Wednesday, March 17, 2010

I have a booby baby.

I breastfeed my daughter. I believe that it is the best thing for her. I also believe that in America we have a problem with breastfeeding. It seems that many American's have bought into the idea that spending money on their child means better care for their child. That some how the TV is right and formula is just as good as breastmilk so the more expensive the formula the better for baby and the better parent you are.
I don't want to be militant about it. But we are a country of extremes. Either things are all good or all bad and if you have a voice in the middle you are basically lost. I do know there are women that for one reason or another cannot breastfeed but formula is still not the next best choice. However, I also understand that the next best choice, someone else's milk, can be difficult to find.
Formula is so easy. You go to Walmart, or where ever, pick it up, put in a bottle, add water and shake. Feeding can be accomplished. If that is too difficult, you can buy premixed formula that you just add to a bottle.
For me, breastfeeding was the only option. Why should I line the pockets of formula manufacturers? Formula is expensive! I'm not poor, thank God, but I'm not rich either and spending my hard earned money on formula when I can make milk for free just make sense to me.
I have the right and in my own opinion the obligation to breastfeed my child to the best of my ability. Even just an few ounces of breastmilk is better than no breastmilk. I say stick to the man and booby feed your baby. Come one people if Kendra from Girls Next Door can do it with implants then those of us with real jobs and real boobs can do it too!

Monday, March 15, 2010

Babywearing, it's not just for hippies!

I'm a babywearer. I didn't know it was a thing. I just figured that I didn't want people touching my baby but carrying her all day just didn't seem like something I could do so I discovered babywearing. I wrap my Moby wrap around my body, I place my baby in the hug hold and off we go.
I didn't think that people would think it was weird or that it was a new concept. I've seen lots of pictures of Mexican and African women with a baby strapped to their backs so babywearing isn't anything new. I guess it's not been a very big thing here in the US.
I love answering questions about my wrap. People stop and ask where I bought it. I think the funniest question I've had was, "Do you do it because of your culture?" I'm glad that people feel comfortable enough to ask me. I want more people to see just how wonderful babywearing can be.
I have also noticed the jealous looks I get when I have Audrey in the Moby. This is especially true at church and the mall. I see women with a baby in their arms, plus carrying their purse and diaper bags. They see me with my hands-free. Trust me, having my baby in a wrap is the only way to go. I know exactly where she is and how she is doing. I love it.
Maybe babywearing isn't for everybody but it definitely the way for Audrey and me.

Thursday, March 11, 2010

Who's baby is it anyways?

I've heard it many times that advice is people just remembering their own struggles but it is getting out of control! One wise teacher told me at my shower that I had to keep in mind that I was raising my baby not the doctor's or anyone else so stick to your own instincts. I think I'm doing a pretty good job of that, so far but I have lots of people trying to tell me that what I'm doing is wrong! That I'll be sorry later. So here is the list of my parenting sins according to "people who know."

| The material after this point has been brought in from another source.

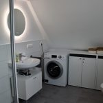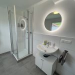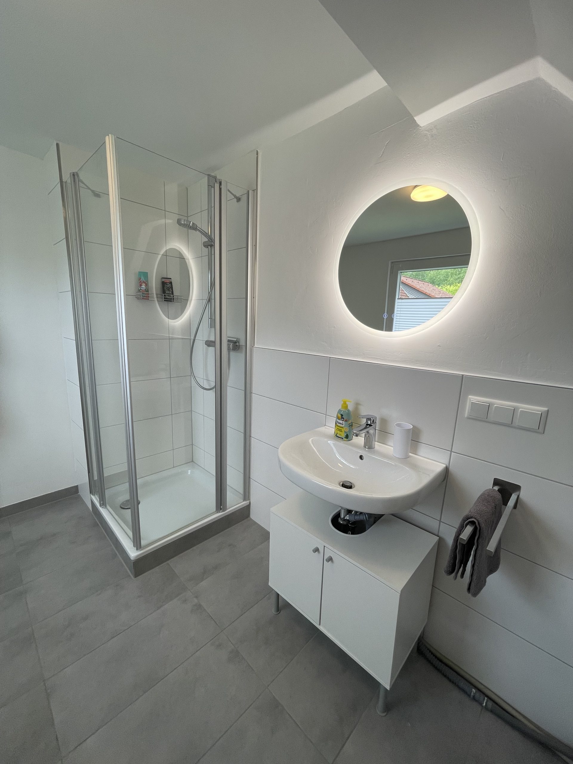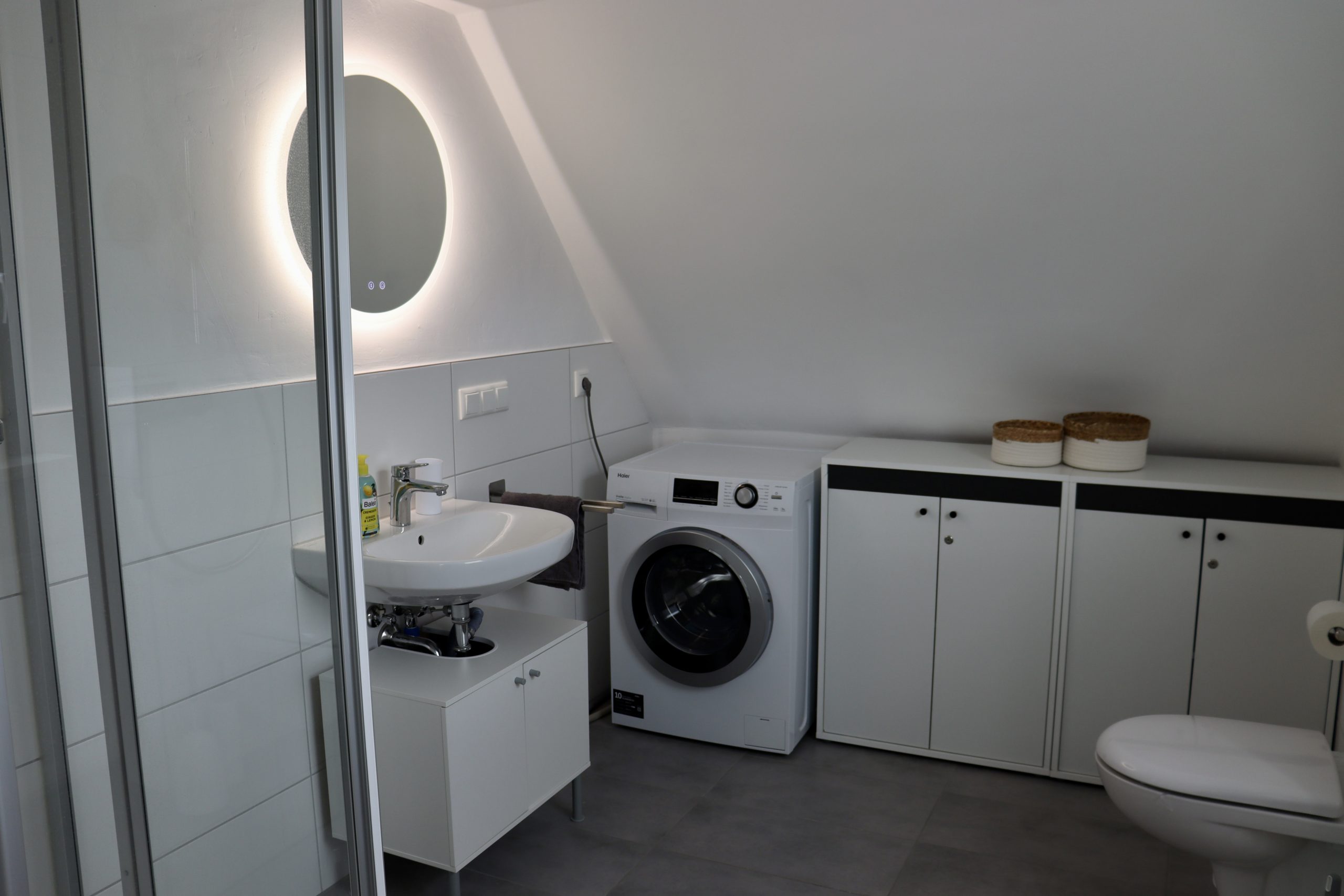 Im modern sanierten Badezimmer mit Wohlfühlfaktor findest du viel Platz, um dich frisch zu machen. Hier steht dir eine Dusche und genug Ablagefläche für die Dinge des alltäglichen Bedarfs zur Verfügung. Der Spiel über dem Waschbecken verfügt über eine angenehmes Stimmungslicht, bei dem du aus drei Lichtfarben wählen kannst. Wenn du länger bei uns bleibst, kannst du gerne auch unsere Waschmaschine nutzen und deine Wäsche im Anschluss auf dem Wäscheständer trocknen. Bitte achte nach dem Duschen und beim Wäschetrocknen auf eine ausreichende Belüftung des Badezimmers.

1. Co-sleeping - I have to admit that co-sleeping just happened. I didn't plan on it but now that we do co-sleep it is the best thing in the world! I don't get to spend much time with Audrey during the day since I work but night time is our time. I can hold her and nurse her and just in general be close. Maybe I will regret this decision in the future when she needs me to help her go to sleep but I'm willing to find out.

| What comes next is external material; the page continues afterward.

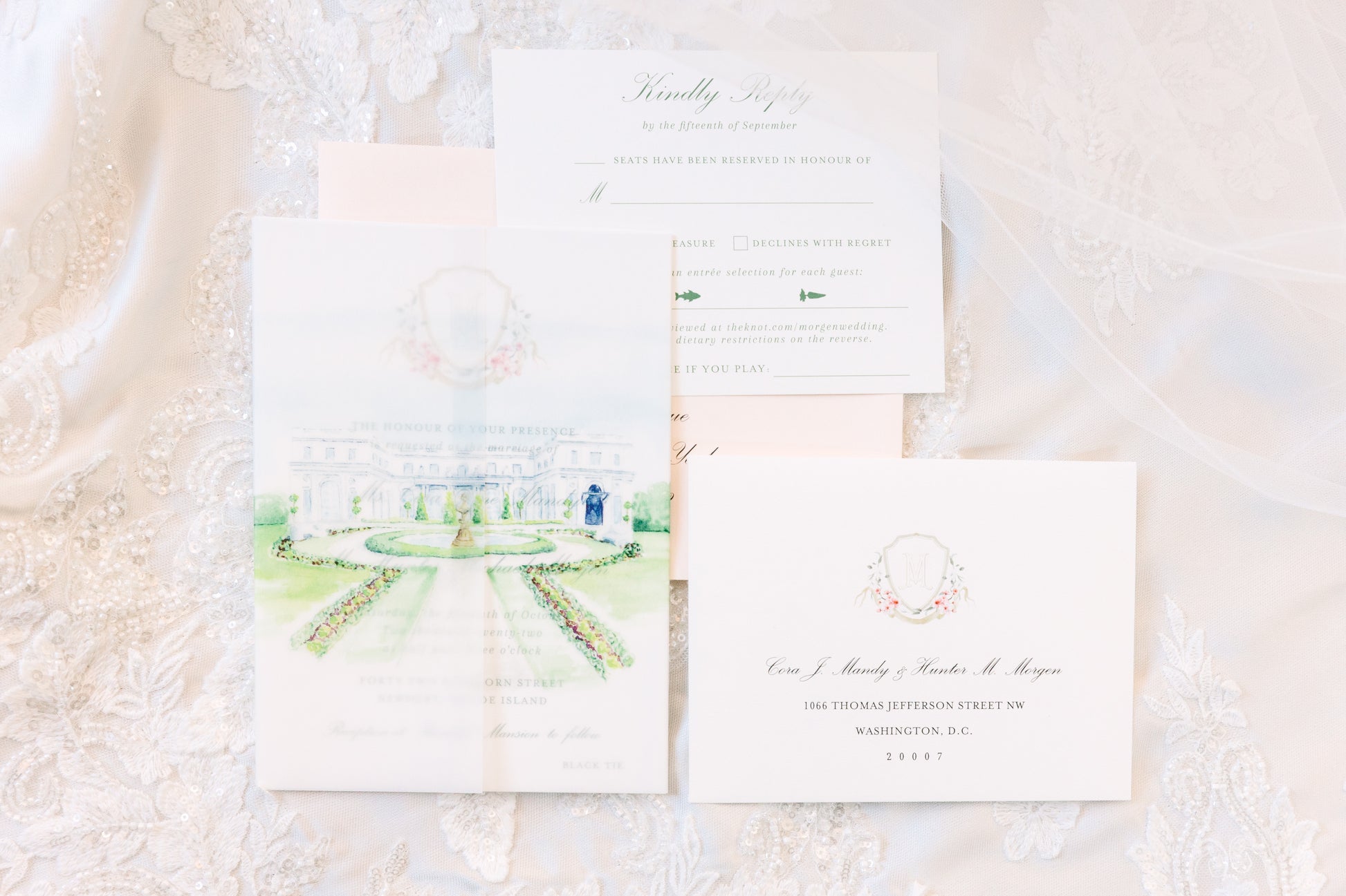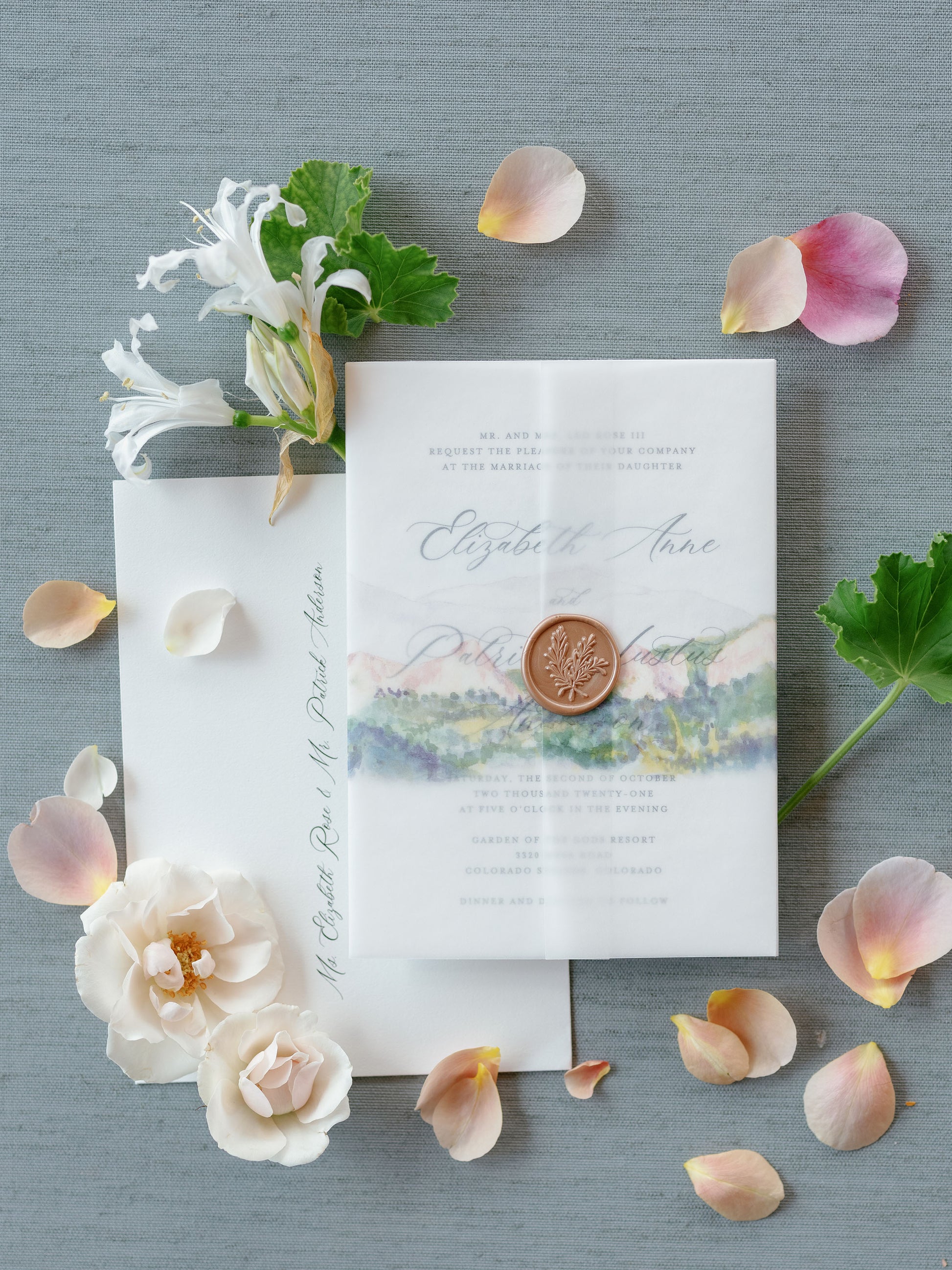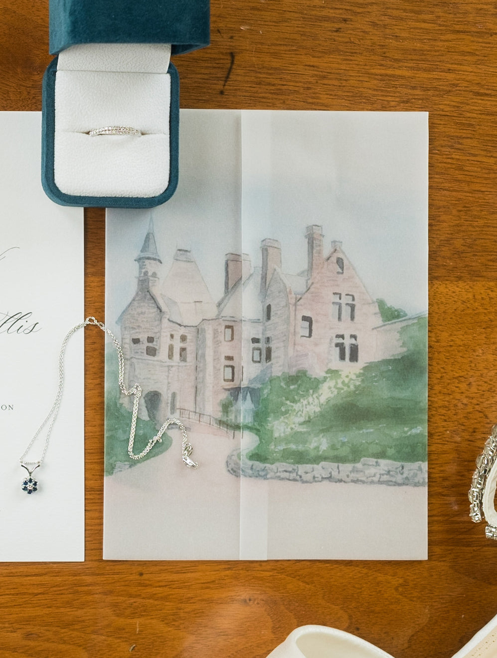 Get your guests excited about where they will be joining you for your wedding by highlighting your venue on beautiful watercolor vellum wraps.

2. Breastfeeding - While no one is telling me not to breastfeed they do tend to have an opinion on my wanting to breastfeed for at least 2 years. And the fact that I'm not giving my baby cereal yet is just appalling. Sort of goes with the co-sleeping thing, "No wonder the baby isn't sleeping thur the night! You need to have her in her own crib and feed her rice cereal!"

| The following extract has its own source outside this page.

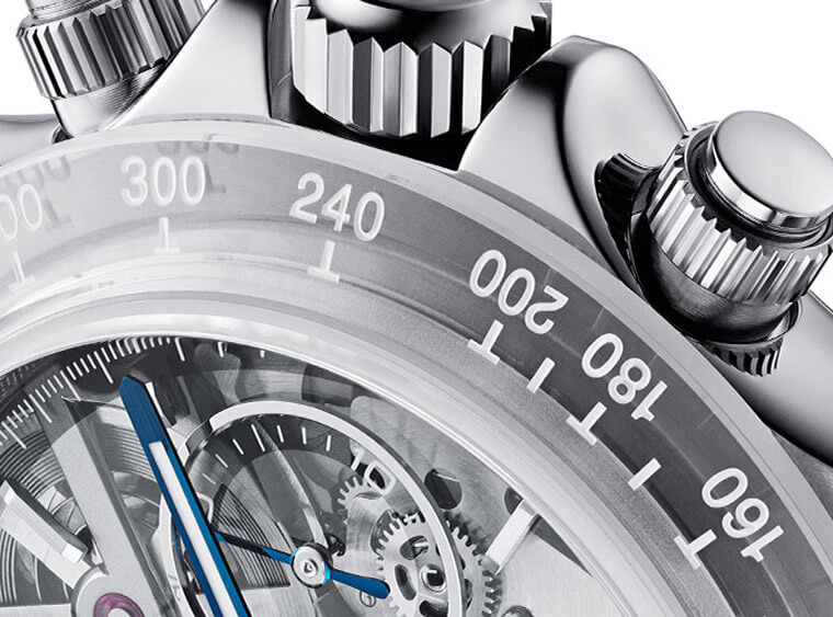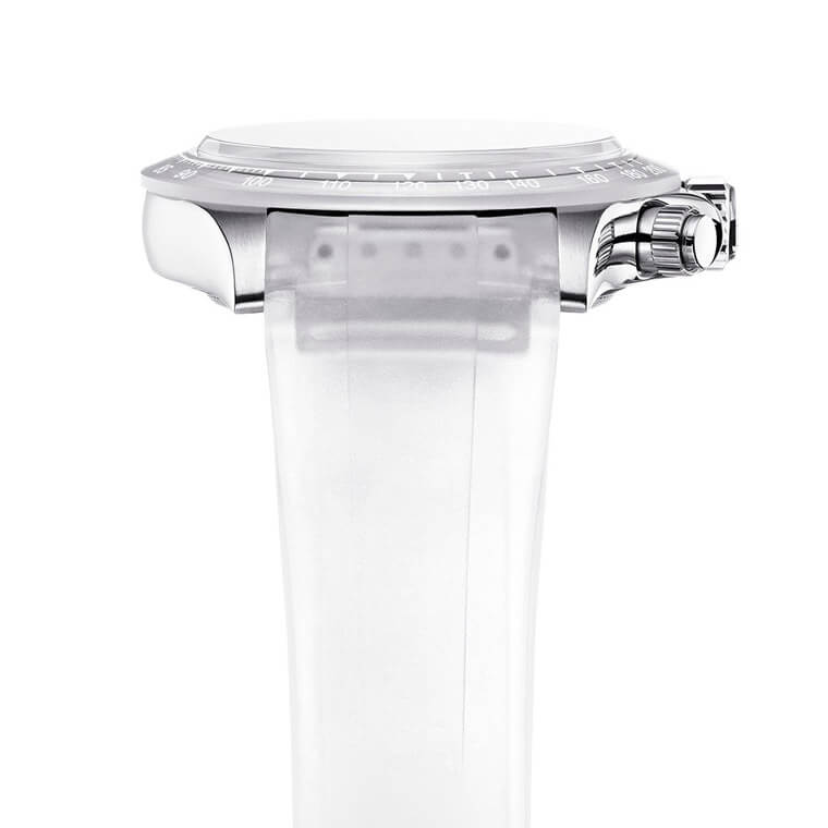表圈改由蓝宝石水晶制作,Artisans de Genève再以手工替表圈进行拋磨修饰,同时其上的测速计刻度则是填上白色顏料呼应冰川的雪白地貌。

3. Daddy-day-care - We are lucky enough that my husband can stay home with the baby. Rather than put her in day-care, Ray gets to keep her. He is a wonderful father and I think the extra time for bonding is good for both. He'll be starting graduate school in the fall so his time with her will become more limited. I am jealous of his chance to be with her all day but I'm proud of the fact that he does. I don't care what other people say. A man can actual take care of a baby.

I'm sure there are other sins but those are the three I hear the most about. I'm nice about it. I let people say their peace and then do what I think is best besides what was best for their child is not what is best for mine.